====== Data block
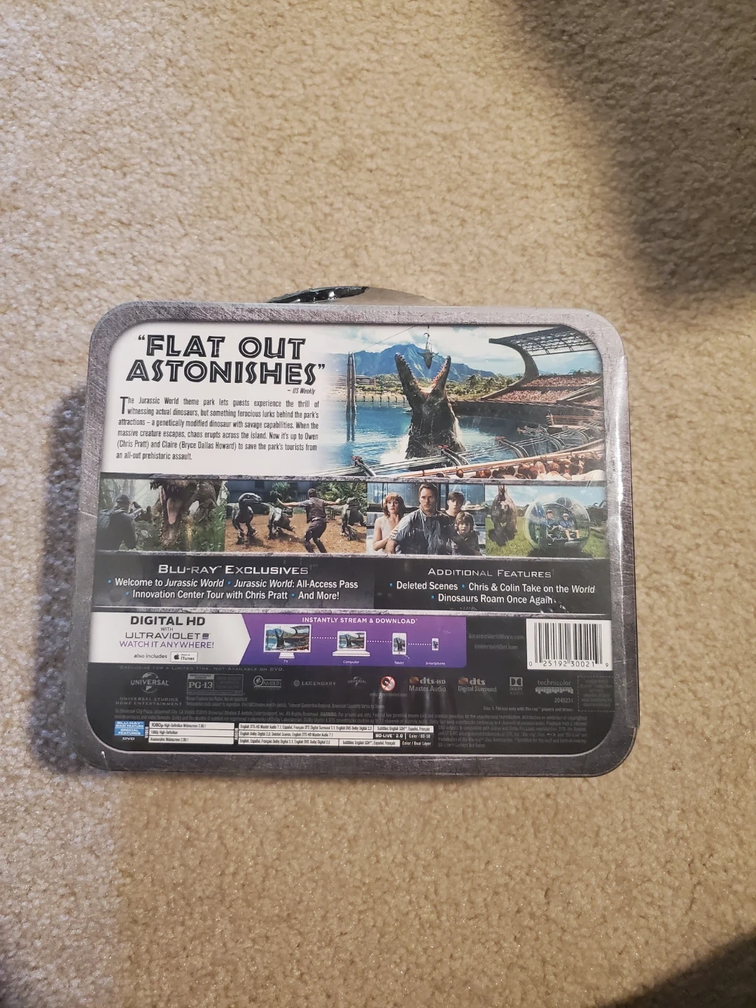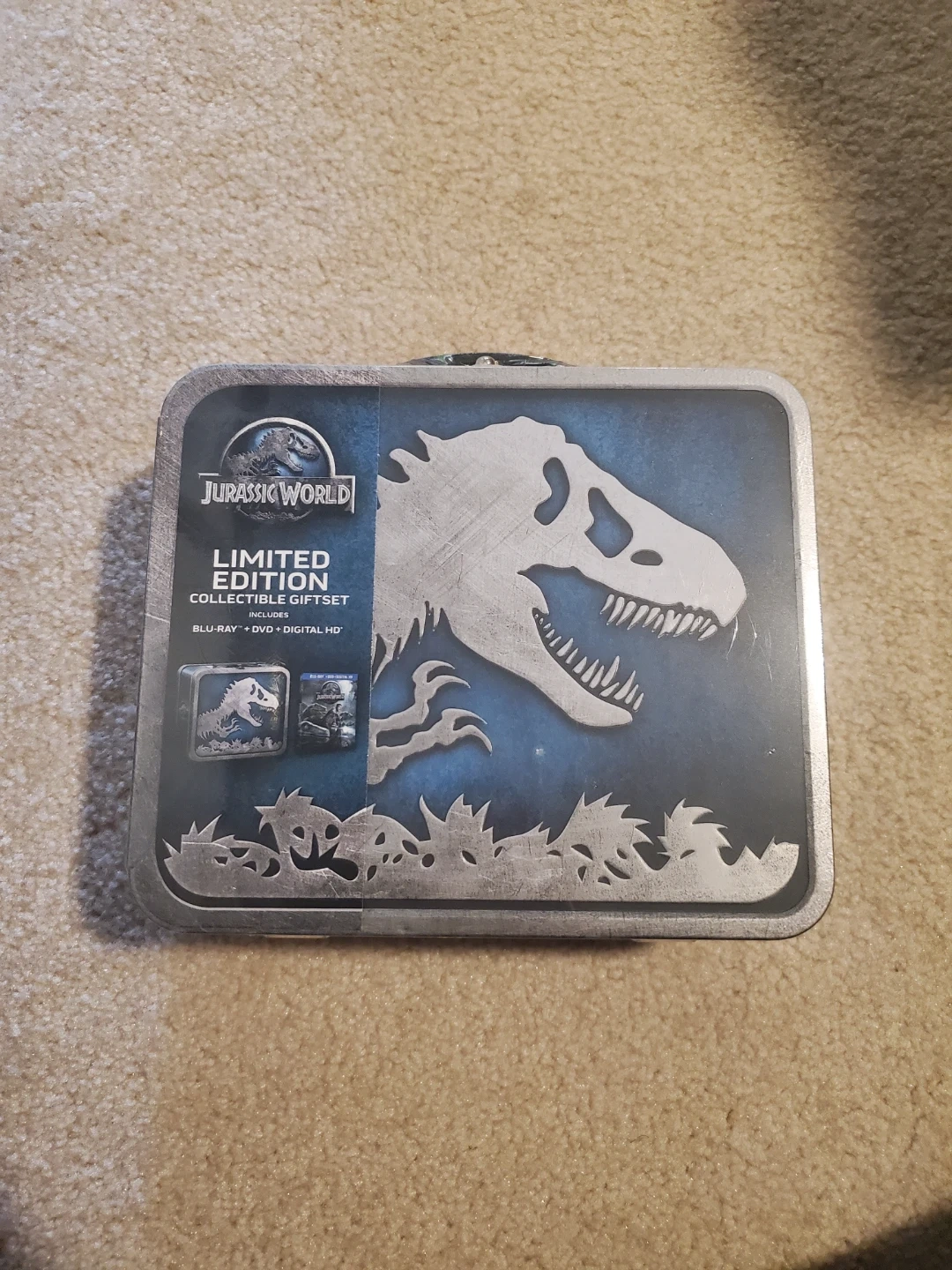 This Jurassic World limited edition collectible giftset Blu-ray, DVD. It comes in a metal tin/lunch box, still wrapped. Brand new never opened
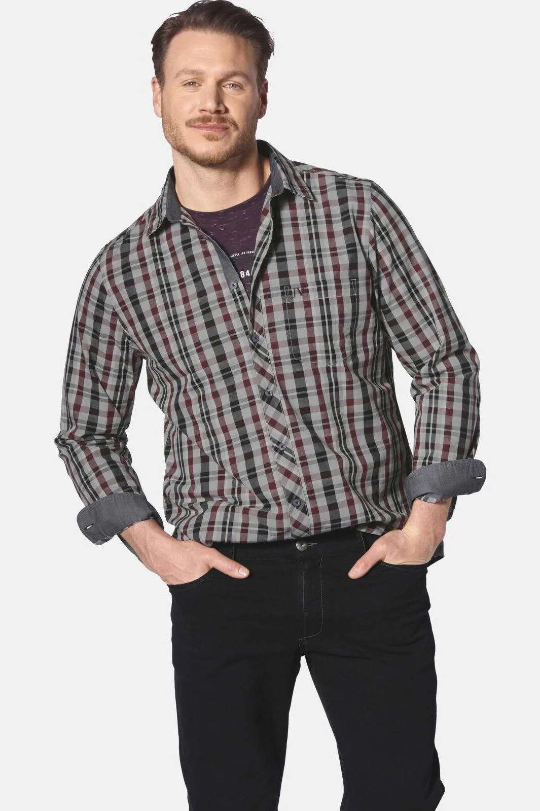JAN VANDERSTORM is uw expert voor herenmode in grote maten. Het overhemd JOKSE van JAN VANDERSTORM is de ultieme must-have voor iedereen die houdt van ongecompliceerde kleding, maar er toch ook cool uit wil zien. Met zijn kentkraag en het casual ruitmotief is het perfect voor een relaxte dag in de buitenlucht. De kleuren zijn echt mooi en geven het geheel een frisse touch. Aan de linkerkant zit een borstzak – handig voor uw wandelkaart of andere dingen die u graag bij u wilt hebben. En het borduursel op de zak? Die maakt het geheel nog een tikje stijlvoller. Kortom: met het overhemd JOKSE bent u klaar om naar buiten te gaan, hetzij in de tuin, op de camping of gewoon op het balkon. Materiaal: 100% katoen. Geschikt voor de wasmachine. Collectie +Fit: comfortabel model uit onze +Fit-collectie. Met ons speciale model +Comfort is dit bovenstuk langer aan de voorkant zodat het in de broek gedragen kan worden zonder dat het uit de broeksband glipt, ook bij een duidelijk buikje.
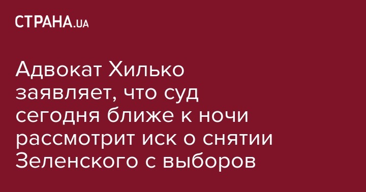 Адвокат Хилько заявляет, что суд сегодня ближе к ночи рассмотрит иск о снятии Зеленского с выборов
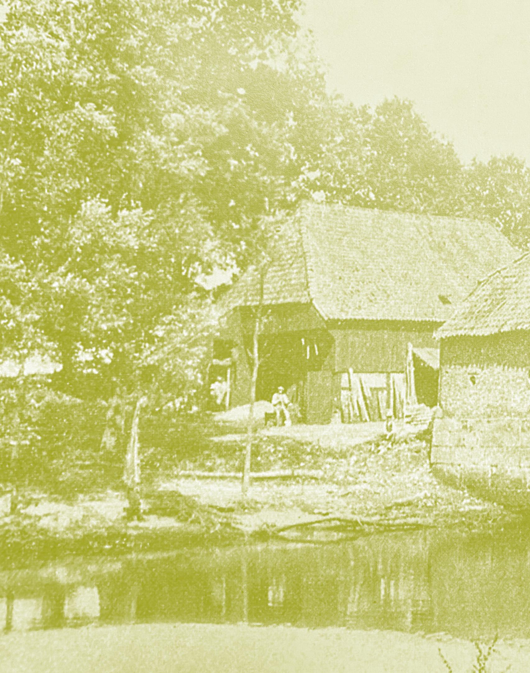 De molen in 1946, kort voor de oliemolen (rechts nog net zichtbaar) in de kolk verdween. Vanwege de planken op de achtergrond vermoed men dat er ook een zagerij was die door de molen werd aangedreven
============
- [Task statement]
Extract, word for word, every line from the one holding "JAN VANDERSTORM is uw" through the closing line of the data above. Do not include any pictures.

- [Written response]
JAN VANDERSTORM is uw expert voor herenmode in grote maten. Het overhemd JOKSE van JAN VANDERSTORM is de ultieme must-have voor iedereen die houdt van ongecompliceerde kleding, maar er toch ook cool uit wil zien. Met zijn kentkraag en het casual ruitmotief is het perfect voor een relaxte dag in de buitenlucht. De kleuren zijn echt mooi en geven het geheel een frisse touch. Aan de linkerkant zit een borstzak – handig voor uw wandelkaart of andere dingen die u graag bij u wilt hebben. En het borduursel op de zak? Die maakt het geheel nog een tikje stijlvoller. Kortom: met het overhemd JOKSE bent u klaar om naar buiten te gaan, hetzij in de tuin, op de camping of gewoon op het balkon. Materiaal: 100% katoen. Geschikt voor de wasmachine. Collectie +Fit: comfortabel model uit onze +Fit-collectie. Met ons speciale model +Comfort is dit bovenstuk langer aan de voorkant zodat het in de broek gedragen kan worden zonder dat het uit de broeksband glipt, ook bij een duidelijk buikje.
 Адвокат Хилько заявляет, что суд сегодня ближе к ночи рассмотрит иск о снятии Зеленского с выборов
 De molen in 1946, kort voor de oliemolen (rechts nog net zichtbaar) in de kolk verdween. Vanwege de planken op de achtergrond vermoed men dat er ook een zagerij was die door de molen werd aangedreven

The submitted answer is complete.